Material provided Block Start
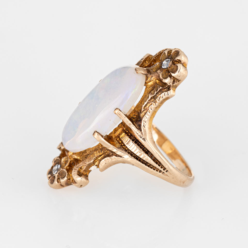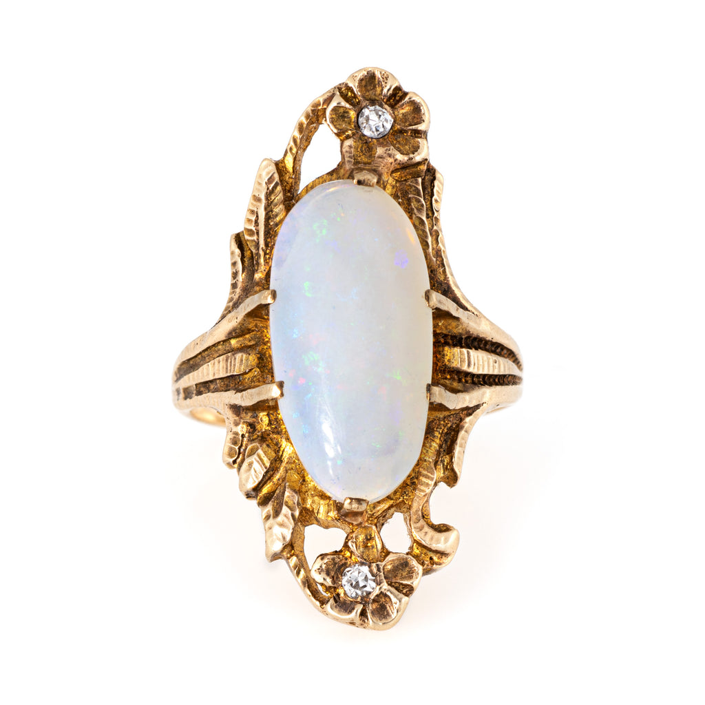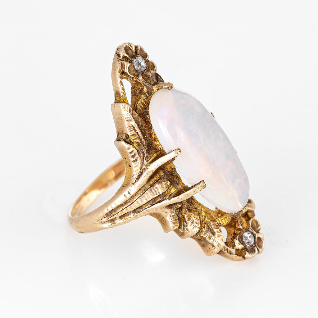 Finely detailed antique Art Nouveau era opal & diamond ring (circa 1900s to 1910s) crafted in 10 karat yellow gold.
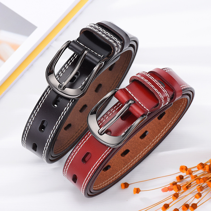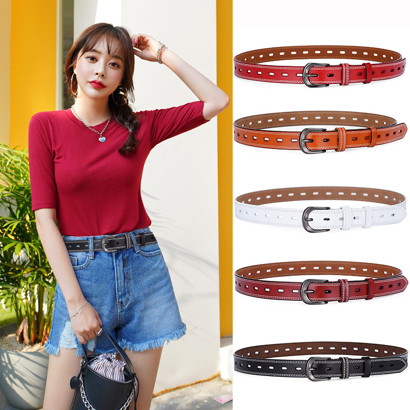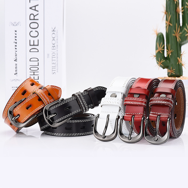 Retro pin buckle belt fashion hollow double-line men's and women's belt high imitation pants belt Korean style all-Match belt wholesale
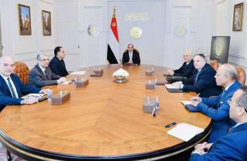 استقبل الرئيس المصري عبد الفتاح السيسي، اليوم السيد "ديميتروس كوبولوزيس" رئيس مجموعة شركات كوبولوزيس اليونانية للكهرباء، وذلك بحضور الدكتور مصطفى مدبولي رئيس مجلس الوزراء، والدكتور محمد شاكر وزير الكهرباء والطاقة المتجددة، وعدد من كبار مسئولي
Material provided Block End
What to work on — Take the line with "Retro pin buckle" and each line after it through the end of the material above, and reproduce them exactly, without the pictures.

Answer to this problem —
 Retro pin buckle belt fashion hollow double-line men's and women's belt high imitation pants belt Korean style all-Match belt wholesale
 استقبل الرئيس المصري عبد الفتاح السيسي، اليوم السيد "ديميتروس كوبولوزيس" رئيس مجموعة شركات كوبولوزيس اليونانية للكهرباء، وذلك بحضور الدكتور مصطفى مدبولي رئيس مجلس الوزراء، والدكتور محمد شاكر وزير الكهرباء والطاقة المتجددة، وعدد من كبار مسئولي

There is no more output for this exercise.